À la suite de cette équipée, ils ne se virent plus d'une semaine. Ils se jugeaient sévèrement l'un l'autre. Mais après s'être punis eux-mêmes, en se privant d'un de leurs dimanches de promenade, ils s'ennuyèrent tellement que leur rancune tomba. Christophe fit les premières avances, selon son habitude. Otto daigna les accepter; et ils firent la paix.

Malgré leurs désaccords, il leur était impossible de se passer l'un de l'autre. Ils avaient bien des défauts, ils étaient égoïstes tous deux. Mais cet égoïsme était naïf, il ne connaissait pas les calculs de l'âge mûr, qui le rendent repoussant, il ne se connaissait pas lui-même: il était presque aimable, et il ne les empêchait pas de s'aimer sincèrement. Ils avaient un tel besoin d'amour et de sacrifice! Le petit Otto pleurait sur son oreiller, en se racontant des histoires de dévouement romanesque, dont il était le héros; il inventait des aventures pathétiques, où il était fort, vaillant, intrépide, et protégeait Christophe, qu'il s'imaginait adorer. Christophe ne voyait, n'entendait rien de beau ou de curieux, sans qu'il pensât: «Si Otto était là!» Il mêlait l'image de son ami à sa vie tout entière; et cette image se transfigurait, prenait une telle douceur qu'en dépit de ce qu'il savait de lui, il en était comme enivré. Certains mots d'Otto, qu'il se rappelait longtemps après et qu'il embellissait, le faisaient tressaillir d'émotion. Ils s'imitaient mutuellement. Otto singeait les manières, les gestes, l'écriture de Christophe. Christophe était irrité de cette ombre qui répétait chaque mot qu'il avait dit et lui resservait ses propres pensées, comme des pensées neuves. Mais il ne s'apercevait pas qu'il contrefaisait lui-même Otto, il copiait sa façon de s'habiller, de marcher, de prononcer certains mots. C'était une fascination. Ils étaient pénétrés l'un de l'autre, ils avaient le cœur inondé de tendresse. Elle débordait de toutes parts comme une source. Chacun s'imaginait que son ami en était la cause. Ils ne savaient pas que c'était l'éveil de leur adolescence.

Christophe, qui ne se défiait de personne, laissait traîner ses papiers. Cependant une pudeur instinctive lui faisait serrer les brouillons de lettres qu'il griffonnait à Otto, et les réponses de celui-ci. Il ne les enfermait pas sous clef; il les mettait entre les feuilles d'un de ses cahiers de musique, où il se croyait sûr qu'on n'irait pas les chercher. Il comptait sans la malice de ses frères.
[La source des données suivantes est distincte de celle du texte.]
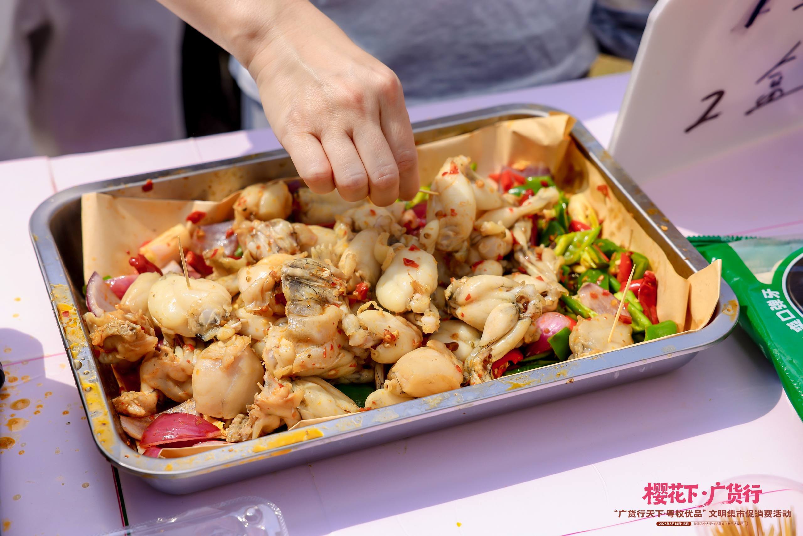 3月14-15日,“广货行天下·粤牧优品”文明集市促消费活动在华南农业大学火热举办。在众多农产品中,专注牛蛙全产业链的田源程供应链(广东)有限公司凭借鲜香味美的牛蛙产品,一跃成为本次集市上备受瞩目的“人气展位”。试吃、咨询的市民络绎不绝,队伍持续不断,成为集市现场一道靓丽的风景线。

Il les voyait depuis quelque temps rire et chuchoter en le regardant: ils se récitaient à l'oreille des fragments de discours, qui les jetaient dans des convulsions de gaieté. Christophe ne parvenait pas à entendre leurs paroles; et d'ailleurs, suivant la tactique dont il usait à leur égard, il feignait une parfaite indifférence pour tout ce qu'ils pouvaient dire ou faire. Quelques mots éveillèrent son attention: il crut les reconnaître. Bientôt il n'eut plus de doute que ses frères n'eussent lu ses lettres. Mais quand il apostropha Ernst et Rodolphe, qui s'appelaient: «ma chère âme», avec un sérieux bouffon, il ne put rien en tirer. Les gamins firent semblant de ne pas comprendre, et dirent qu'ils avaient bien le droit de s'appeler comme ils voulaient. Christophe, qui avait retrouvé toutes ses lettres à leur place, n'insista pas davantage.